Outra ideia fundamental, que acreditamos permitirá a per­manência da Constituição e da democracia em processos constan­tes de mudança desejáveis e permitidos, desde que respeitados os processos democráticos e os princípios constitucionais, será a des­constitucionalização da ordem econômica e, logo, como conse­qüência, a necessária desconstitucionalização da propriedade pri­vada, pois a desconstitucionalização da intervenção do Estado na ordem econômica com a permanência da garantia da propriedade privada significa um mero retomo às Constituições liberais.
A partir dessas reflexões, podemos chegar a duas conclu­sões, que seriam indicativos de melhoria e aprofundamento do processo democrático: a primeira, a necessidade de se repensar os direitos humanos na sua perspectiva constitucional, inicial­mente, chegando-se à conclusão inevitável de que não há efetiva democracia sem educação e liberdade de informação e obvia­mente o direito à vida e a saúde, que nesta perspectiva deixam de ser políticas governamentais, para serem geridas por autonomias constitucionais; e a segunda, a necessidade de se descentralizar o quanto mais o poder conferido aos Municípios, que receberão mais competências e uma nova organização, com a adoção do sistema diretorial, a criação de um ombudsman municipal e a criação de autarquias especiais desvinculadas do Executivo mu­nicipal para gerir saúde e educação.

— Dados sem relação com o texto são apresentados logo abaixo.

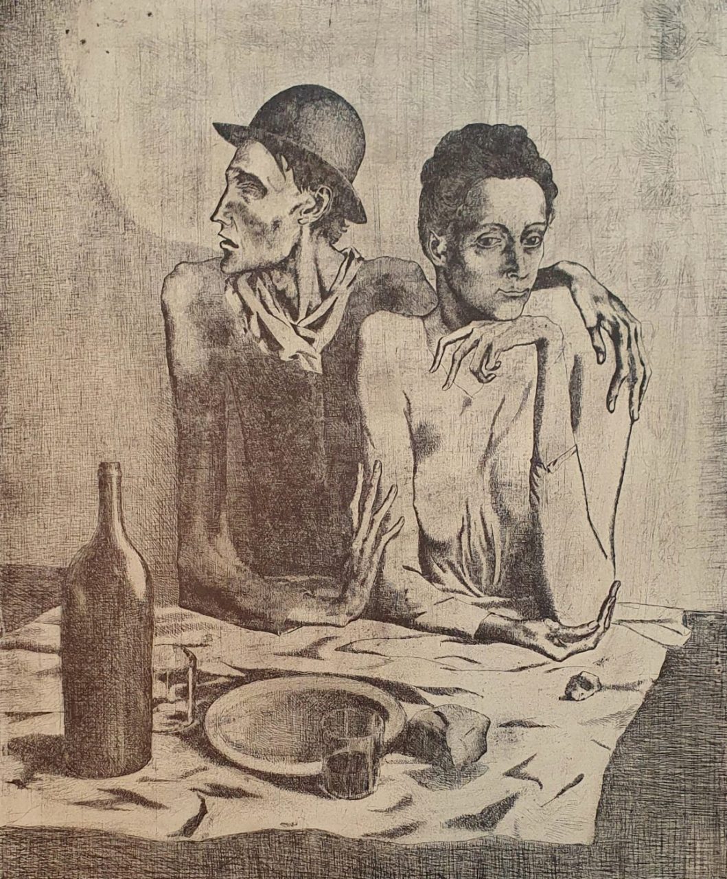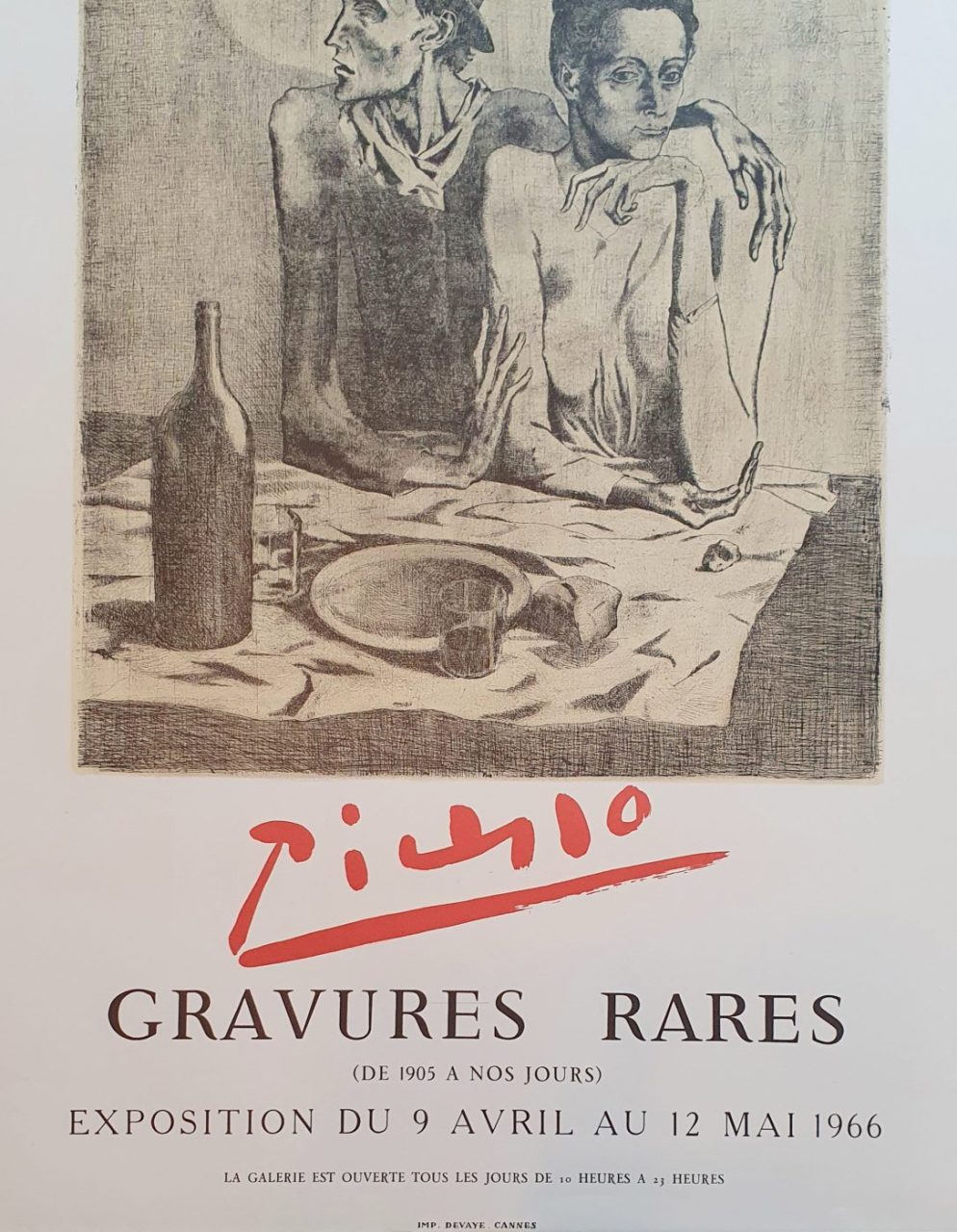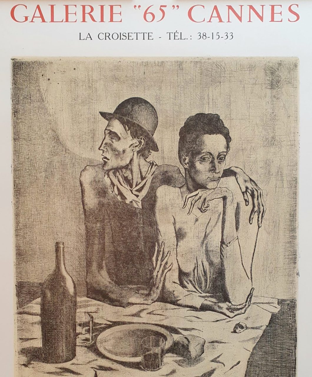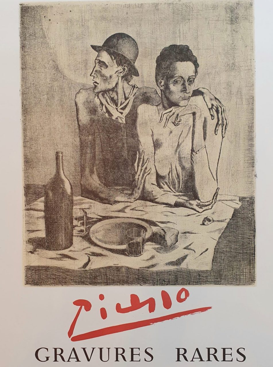 The poster features one of Picasso's most famous etchings from 1904 titled 'Le Repas Frugal' or The Frugal Meal. It was Picasso’s second-ever etching and was completed when the artist was only 23 years old. Still considered one of his most accomplished graphic works, it is highly regarded as the final masterpiece of his Blue Period. Reflecting Picasso’s preoccupation with the world around him, Le repas frugal , pays homage to his Spanish roots, while examining the circumstances of his new home in modern Paris. Emaciated and elongated, the gaunt, yet understatedly elegant couple recalls El Greco’s portraiture. The heavily etched lines that connect the sitters emphasizes their supportive relationship and heightens the sense of human intimacy and melancholy. The woman, who engages the viewer, is believed to have been inspired by Madeleine, Picasso’s then-lover. Her blind companion, appearing in profile, remains unidentified.

Com essas indicações nos encontramos então no desafio de pensar uma nova federação e o grave problema da criação e extinção de Municípios com vários processos de desmembramentos em todo o País.
A Constituição atual estabelece um sistema de criação e extinção de Municípios e de Estados-Membros que tem possibi­litado uma explosão de novos Municípios em todo o País, parte deles sem capacidade econômica de sobrevivência.
O modelo atual estabelece, no art. 18 da Constituição, que os Estados poderão ser desmembrados, incorporados entre si ou subdivididos, enquanto os Municípios poderão ser desmembra­dos, incorporados ou fundidos, o que é o mesmo que incorpora­ção entre si.
Entende-se por desmembramento o processo de separação da parte do território de um Estado ou Município para a formação de outro. Neste processo é importante notar que o Estado ou Município que dá origem a um novo ente federado, permanece com a mesma estrutura política e organizacional. Dessa forma foram criados os Estados de Mato Grosso do Sul, Tocantins a partir do Mato Grosso e Goiás. Desta mesma forma são criados vários Municípios em todo o país.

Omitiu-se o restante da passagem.